Stored items from a collection:

════════

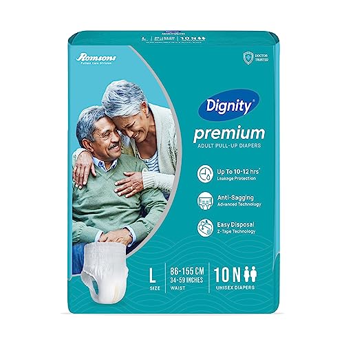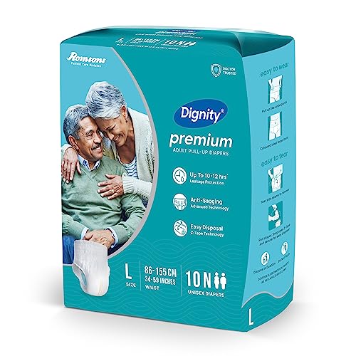 • Dignity Premium Pull-Up Adult Diapers are underwear style diapers designed for involuntary urination or defecation in both men & women. Premium Pull-Ups provide Protection for up to 10-12 hours.
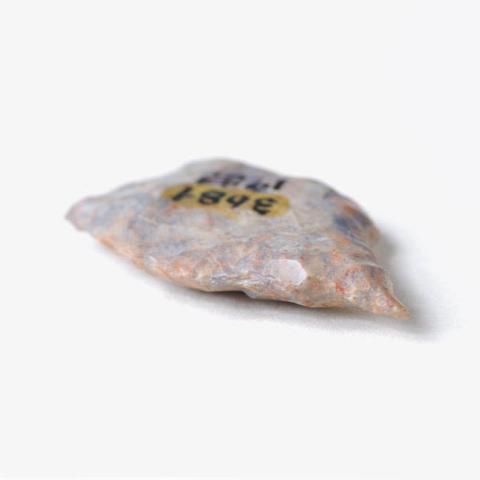 Instrumento usado para perforar. Tiene forma triangular irregular con el extremo distal apuntado, hombros triangulares y base plana. Se trata de una punta de proyectil reacondicionada para un nuevo uso. Piedra tallada de color gris claro.
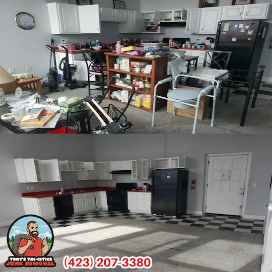 This Bristol, TN Apartment unit cleanout was done at a aged 55+ senior living facility in the Bristol Tennessee area, not too far from the Hard Rock Casino. We cleared this rental unit the very next day so the property manager could efficiently get a new tenant in.
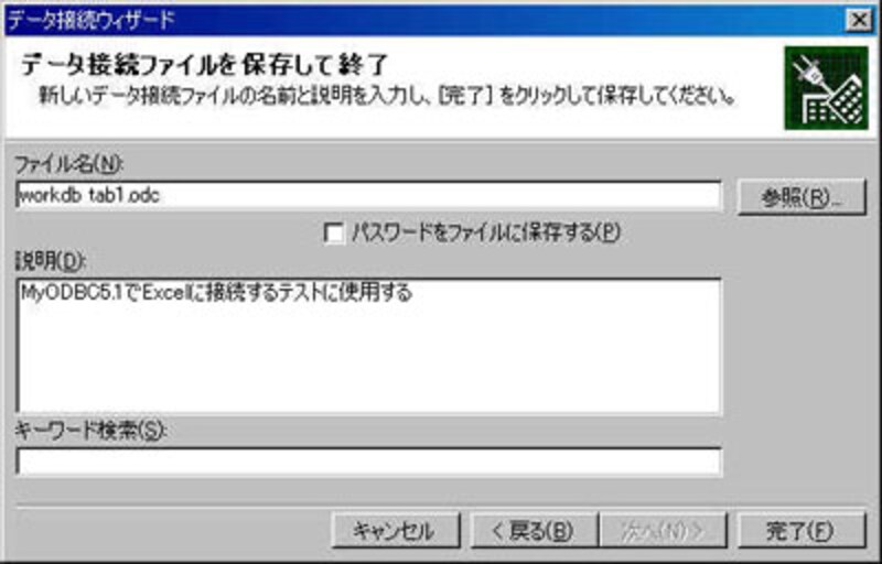 データ接続ファイルの名前と説明を入力し「完了」ボタンをクリックして保存します。
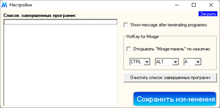 Mirrage - это программа, которая предназначена для быстрого закрытия окон системы. Вся особенность этой программы заключается в том, что закрытие окон происходит комбинацией кликов мышью, либо клавиш. Mirrage можно так же использовать и для закрытия зависших окон и неотвечающих на запросы приложений.
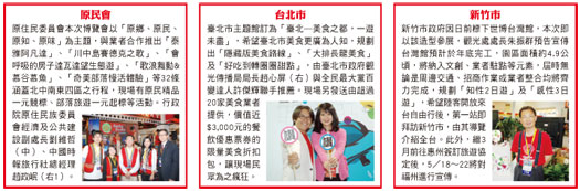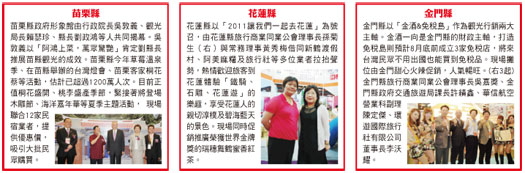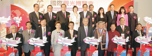 ▲2011台北國際觀光博覽會於5╱13盛大登場,開幕由(前排左起)華航台灣區處長兼台北分公司總經理余劍博、Antor聯誼會會長施春庭、台北市副市長陳威仁、交通部觀光局局長賴瑟珍、台北市旅行商業同業公會理事長許禓哲、行政院院長吳敦義、行政院原住民族委員會主委孫大川、苗栗縣縣長劉政鴻、新竹市長許明財、日本觀光廳次長武藤浩。復興航空營運副總經理李士勳(後排左2)、(後排左5起)長榮航空客運本部協理陳啟弘、日本航空支店長多田利郎、台北市觀光傳播局局長趙心屏(後排右2)與旅遊局、公協會貴賓共同剪綵。
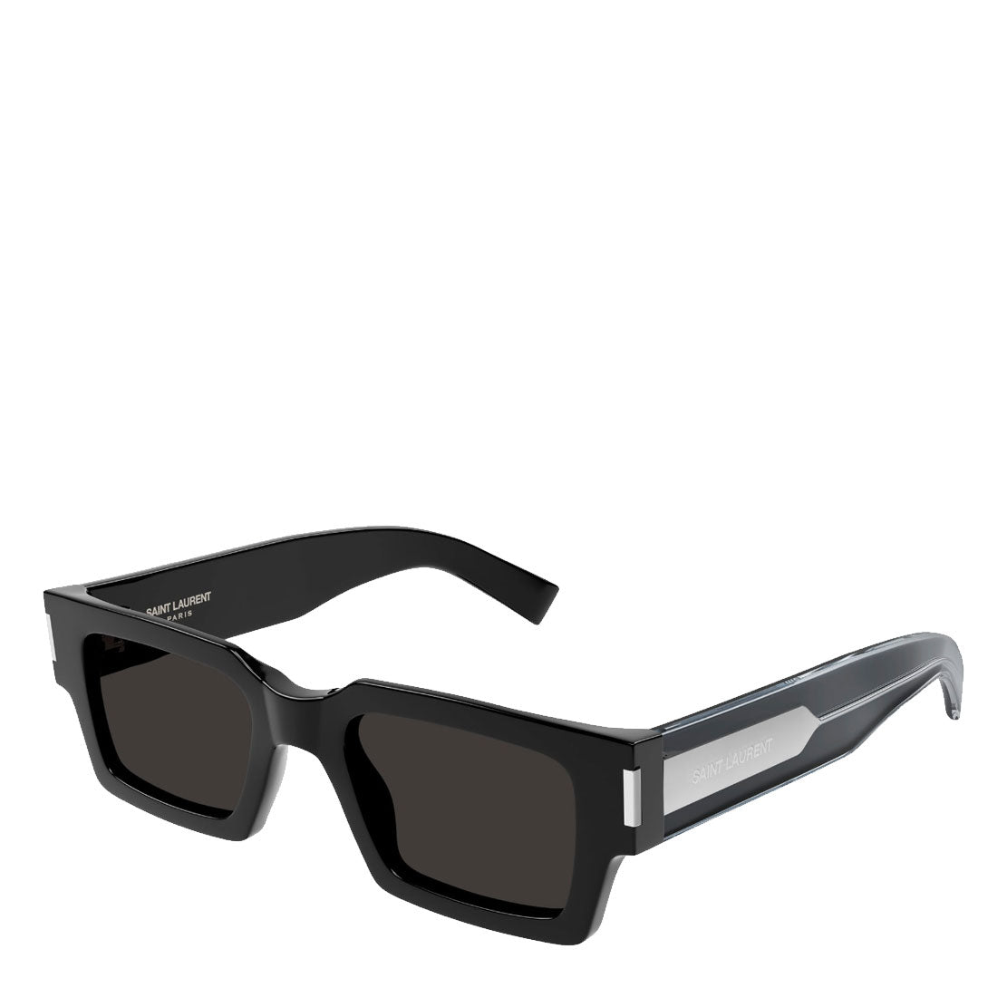 Sunglasses with geometrical square frames in acetate, with nylon lenses and Saint Laurent engraved temples. A squared and sharp shape in the new innovative key concept of the season, naked wirecore, to create a strong Saint Laurent statement. The style is enriched by the biggest corner angle ever, 1 cm, paired with the metal wirecore dimension. The bold acetate temple is made in a new innovative material that allows to have the visible wirecore with lasered Saint Laurent logo in super shiny finishing.
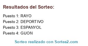 Lista de participantes: RAYO, ESPANYOL, GIJON, DEPORTIVO.
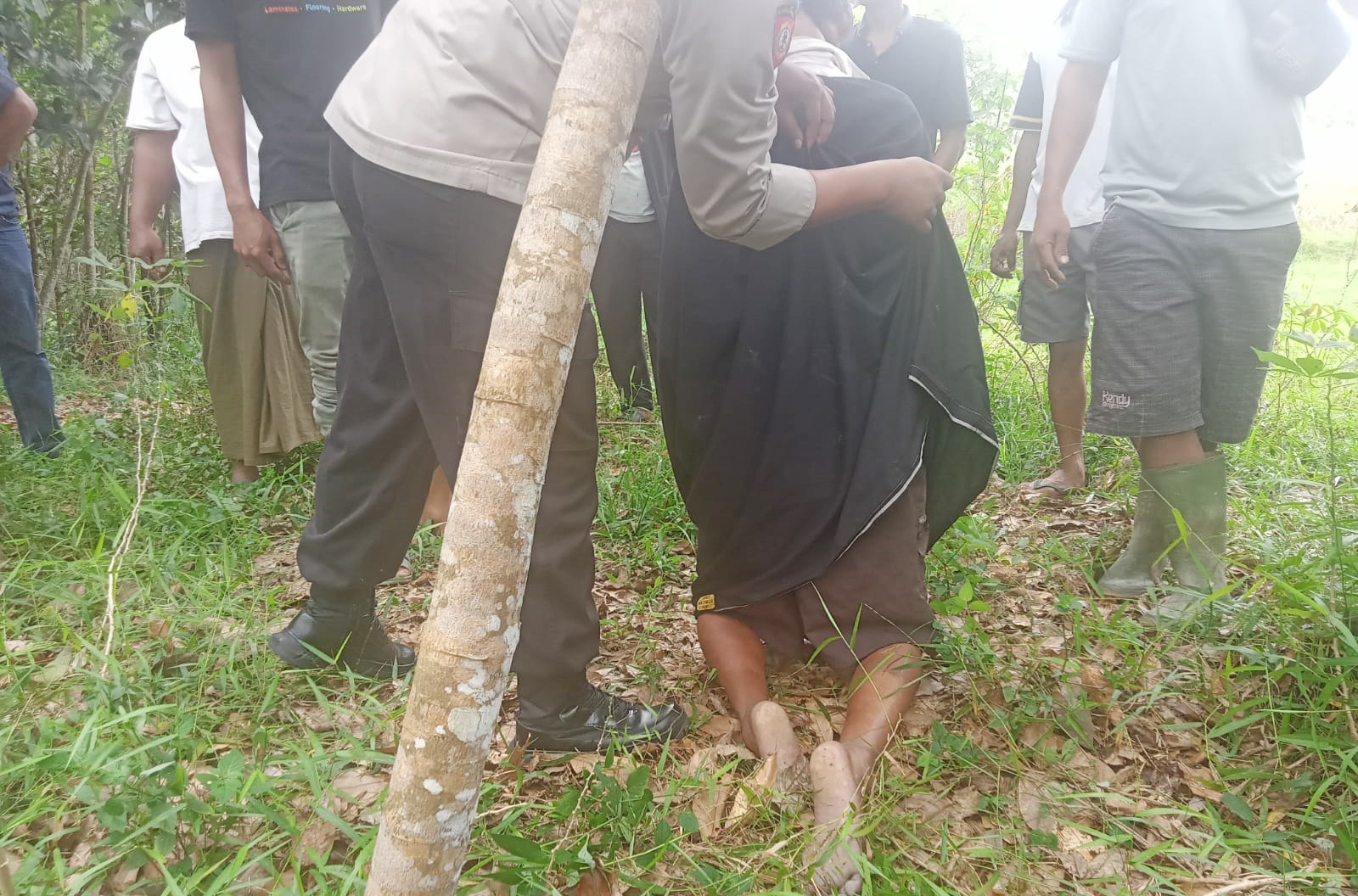 Polsek Banjar Agung Olah TKP Penemuan Mayat Tergantung Di Pohon Jengkol
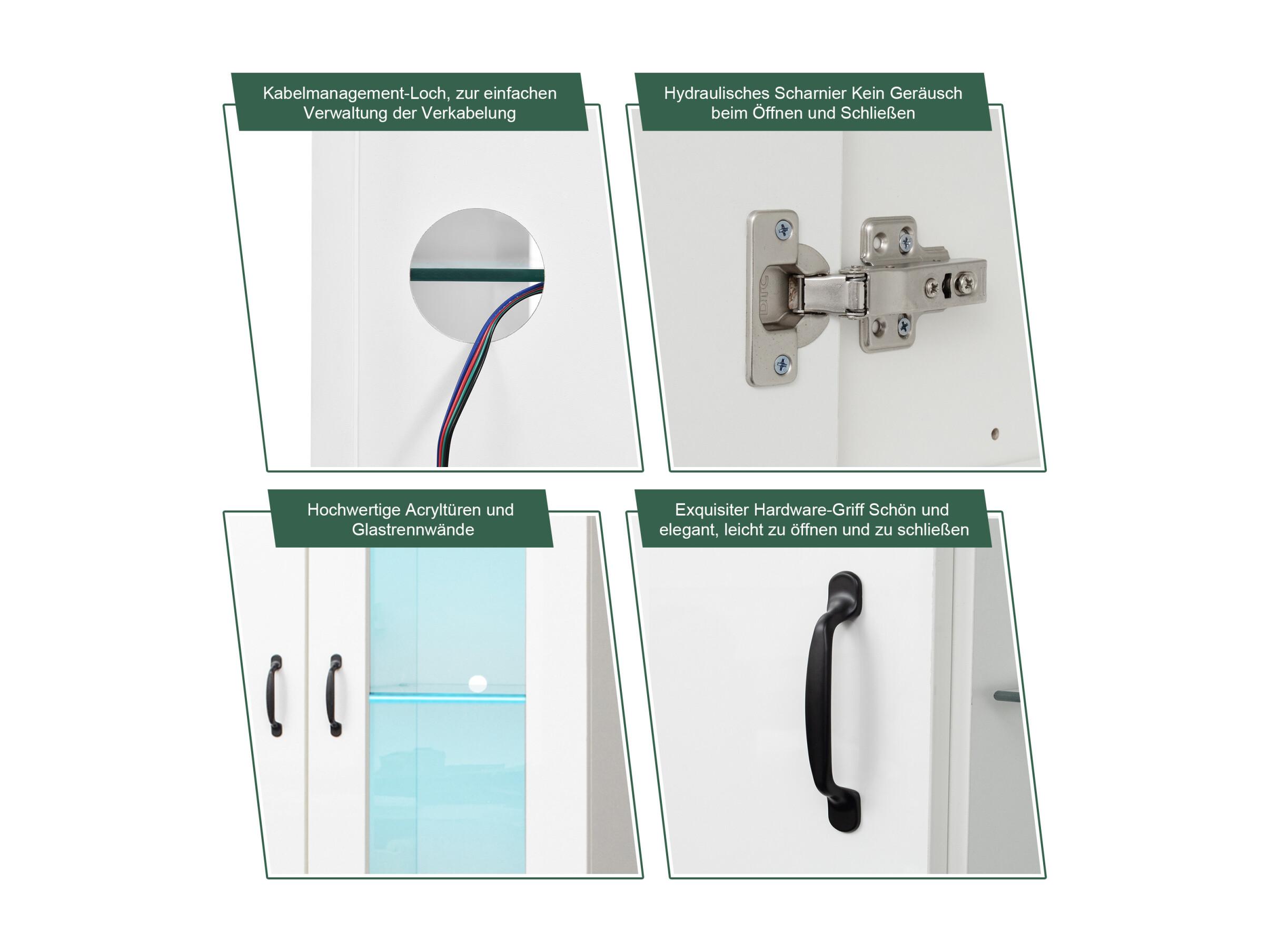 Vitrine LED 16 Couleurs avec 2 Portes Transparentes, Buffet Éclairé pour Salle à Manger
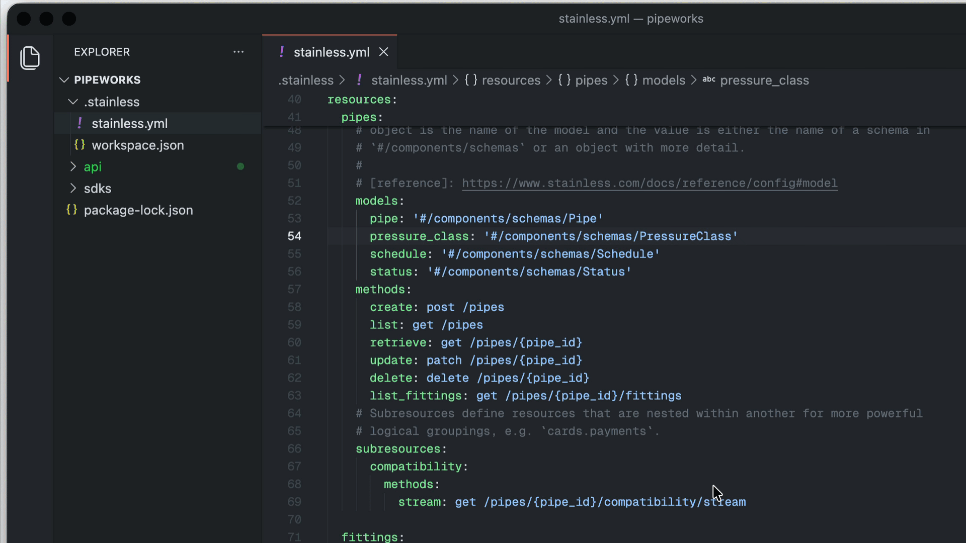 You can use "Go to definition" to jump from a reference in your Stainless config straight to the corresponding schema, parameter, or endpoint in your OpenAPI spec. Use "Find all references" to see where a particular schema or endpoint is used across both files.
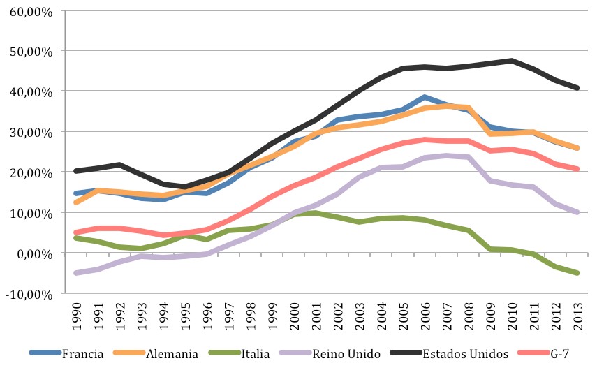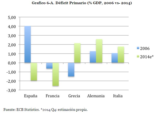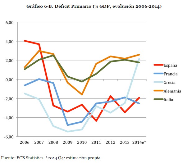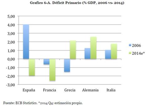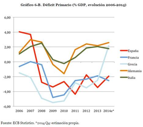 Y lo más grave es que, además, es de los países de la UE con un mayor déficit primario (descontando el pago de intereses). "Dicho de otra forma, la prueba palpable de que la crisis fiscal aun no está resuelta es que, tras más de seis años consolidación fiscal, España aún presenta un déficit primario del entorno del 2% mientras que Italia o Grecia presentan superávits", según los datos de cierre de 2014, enfatizan ambos economistas.

════════

**Activity**
Go through the data above and transcribe it in full, omitting any image.

**Completed task**
 • Dignity Premium Pull-Up Adult Diapers are underwear style diapers designed for involuntary urination or defecation in both men & women. Premium Pull-Ups provide Protection for up to 10-12 hours.
 Instrumento usado para perforar. Tiene forma triangular irregular con el extremo distal apuntado, hombros triangulares y base plana. Se trata de una punta de proyectil reacondicionada para un nuevo uso. Piedra tallada de color gris claro.
 This Bristol, TN Apartment unit cleanout was done at a aged 55+ senior living facility in the Bristol Tennessee area, not too far from the Hard Rock Casino. We cleared this rental unit the very next day so the property manager could efficiently get a new tenant in.
 データ接続ファイルの名前と説明を入力し「完了」ボタンをクリックして保存します。
 Mirrage - это программа, которая предназначена для быстрого закрытия окон системы. Вся особенность этой программы заключается в том, что закрытие окон происходит комбинацией кликов мышью, либо клавиш. Mirrage можно так же использовать и для закрытия зависших окон и неотвечающих на запросы приложений.
 ▲2011台北國際觀光博覽會於5╱13盛大登場,開幕由(前排左起)華航台灣區處長兼台北分公司總經理余劍博、Antor聯誼會會長施春庭、台北市副市長陳威仁、交通部觀光局局長賴瑟珍、台北市旅行商業同業公會理事長許禓哲、行政院院長吳敦義、行政院原住民族委員會主委孫大川、苗栗縣縣長劉政鴻、新竹市長許明財、日本觀光廳次長武藤浩。復興航空營運副總經理李士勳(後排左2)、(後排左5起)長榮航空客運本部協理陳啟弘、日本航空支店長多田利郎、台北市觀光傳播局局長趙心屏(後排右2)與旅遊局、公協會貴賓共同剪綵。
 Sunglasses with geometrical square frames in acetate, with nylon lenses and Saint Laurent engraved temples. A squared and sharp shape in the new innovative key concept of the season, naked wirecore, to create a strong Saint Laurent statement. The style is enriched by the biggest corner angle ever, 1 cm, paired with the metal wirecore dimension. The bold acetate temple is made in a new innovative material that allows to have the visible wirecore with lasered Saint Laurent logo in super shiny finishing.
 Lista de participantes: RAYO, ESPANYOL, GIJON, DEPORTIVO.
 Polsek Banjar Agung Olah TKP Penemuan Mayat Tergantung Di Pohon Jengkol
 Vitrine LED 16 Couleurs avec 2 Portes Transparentes, Buffet Éclairé pour Salle à Manger
 You can use "Go to definition" to jump from a reference in your Stainless config straight to the corresponding schema, parameter, or endpoint in your OpenAPI spec. Use "Find all references" to see where a particular schema or endpoint is used across both files.
 Y lo más grave es que, además, es de los países de la UE con un mayor déficit primario (descontando el pago de intereses). "Dicho de otra forma, la prueba palpable de que la crisis fiscal aun no está resuelta es que, tras más de seis años consolidación fiscal, España aún presenta un déficit primario del entorno del 2% mientras que Italia o Grecia presentan superávits", según los datos de cierre de 2014, enfatizan ambos economistas.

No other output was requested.